EP by Primordial and Katatonia
- Released: 1996
- Genres: Black metal (Primordial) Gothic rock, gothic metal (Katatonia)
- Length: 15:56
- Label: Misanthropy Records

= Katatonia/Primordial =

In 1996, a split 10" EP was released on Misanthropy Records consisting of one song each from Primordial and Katatonia. Primordial recorded a new version (often referred to as the "MCMXCVI" version of the song) of an old demo song, at Academy Studios in Yorkshire, exclusively for this release.

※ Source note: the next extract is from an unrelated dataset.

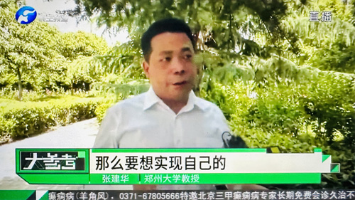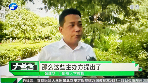 2023年5月16日上午,郑州大学张建华教授在盛和苑南门接受河南电视台记者采访,点评商演实名制售票话题。访谈于当晚在河南电视台民生频道大参考栏目中播出。

Katatonia's song was recorded at Unisound Studios in Finspång, in February 1994. The EP was available only on purple vinyl format, limited to 777 copies.

==Track listing==

| No. | Title | Artist | Length |
|---|---|---|---|
| 1. | "To Enter Pagan" | Primordial | 5:35 |
| 2. | "Scarlet Heavens" | Katatonia | 10:21 |

== Personnel ==

=== Katatonia ===

- Jonas Renkse – vocals, drums
- Blackheim – guitar
- Le Huche (Guillaume Le Huche) – bass

=== Production ===

- Dan Swanö – mixing, engineering, production
- Katatonia – production

==Notes==
- Katatonia's song was later featured on the Saw You Drown EP in 1998.
- Primordial's song marks the final performance of the band's original drummer, Derek "D." MacAmlaigh.